The idea is simple: You can’t spend what you don’t have.

Get Your Priorities Straight

Don’t consider investing until your financial house is in order. For example:

  • Are potential catastrophic risks covered by insurance? Do you maintain adequate health, life, disability, long-term care, property and casualty, and professional liability insurance?
  • Do you have an ample emergency fund? Have you arranged access to cash totaling three to six months of living expenses? Have you considered any large expenses you might incur in the next year or two? Consider when you might have to replace your car. You don’t want to be caught short of cash and be forced to liquidate a long-term investment to pay for a short-term need.
  • Do you carry a zero balance on all your credit cards?
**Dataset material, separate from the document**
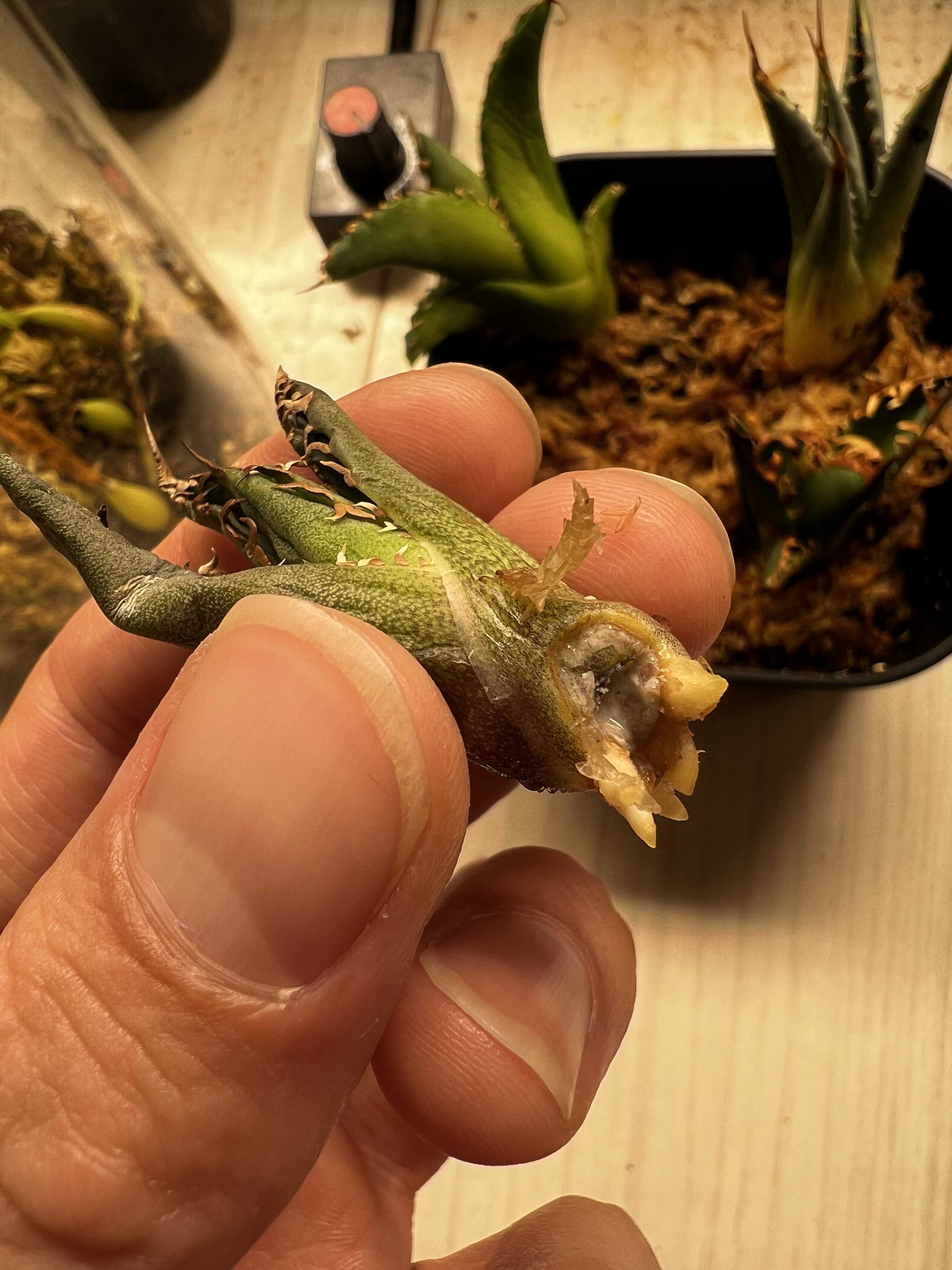 アガベの発根管理 水苔篇(チタノタ 老白鯨 エボリスピナ レッドキャットウィーズル)②

If you thoughtfully and honestly answered “yes” to all those questions, then you’re a candidate for investing.

Time Is on Your Side

When investing, nothing is more valuable than time. No one complains that they began investing too early or at too young of an age. Albert Einstein was famously quoted as saying, “Nothing is more powerful than the power of compound interest. It is the eighth wonder of the world.”

Consider this scenario: Someone who starts investing at age 35 and contributes $200 a month to a Roth IRA will have about $436,000 at age 65, assuming a 10% annual return. But had the investor started contributing $200 a month at age 25, he or she would have accumulated almost $1,170,000. What a difference the first decade makes! Since compounding helps money grow exponentially over time, even small contributions can have a big impact when you’re ready to retire.

We’ve shared two of the most important ingredients in building financial independence: Start now and pay yourself first. Here are three final thoughts.

  • Read “Saving and Investing,” a helpful consumer resource from the U.S. Securities and Exchange Commission, at bit.ly/36F92Mv.
  • Meet with a certified financial planner to get help with creating and implementing your financial life plan.
  • Understand that you’re never too young or too old to worry about your financial future. Even a little money can go a long way toward building a secure retirement. Investing is relatively painless, creates wealth and will make work optional for you at some point.

Financial Wellness co-columnist Fritz Wood is a veterinary industry veteran with a special interest in finance. Co-columnist Robert A. Sparrow is a partner with Triune Financial Partners LLC. A graduate of Rockhurst College, he has been in the financial services industry for more than three decades. Learn more at triunefp.com.


WARNING SIGNS

What are the biggest threats to your future financial security? Here are a few:

  • Doing nothing or waiting. Time is your best friend or your worst enemy.
  • Historically, prices increase by about 3% annually. Prices double about every 24 years.
  • Failing to diversify. This is a particular risk for veterinary practice owners.
  • Investing too little.
  • Investing too late.
  • Failing to adequately insure against catastrophic risks.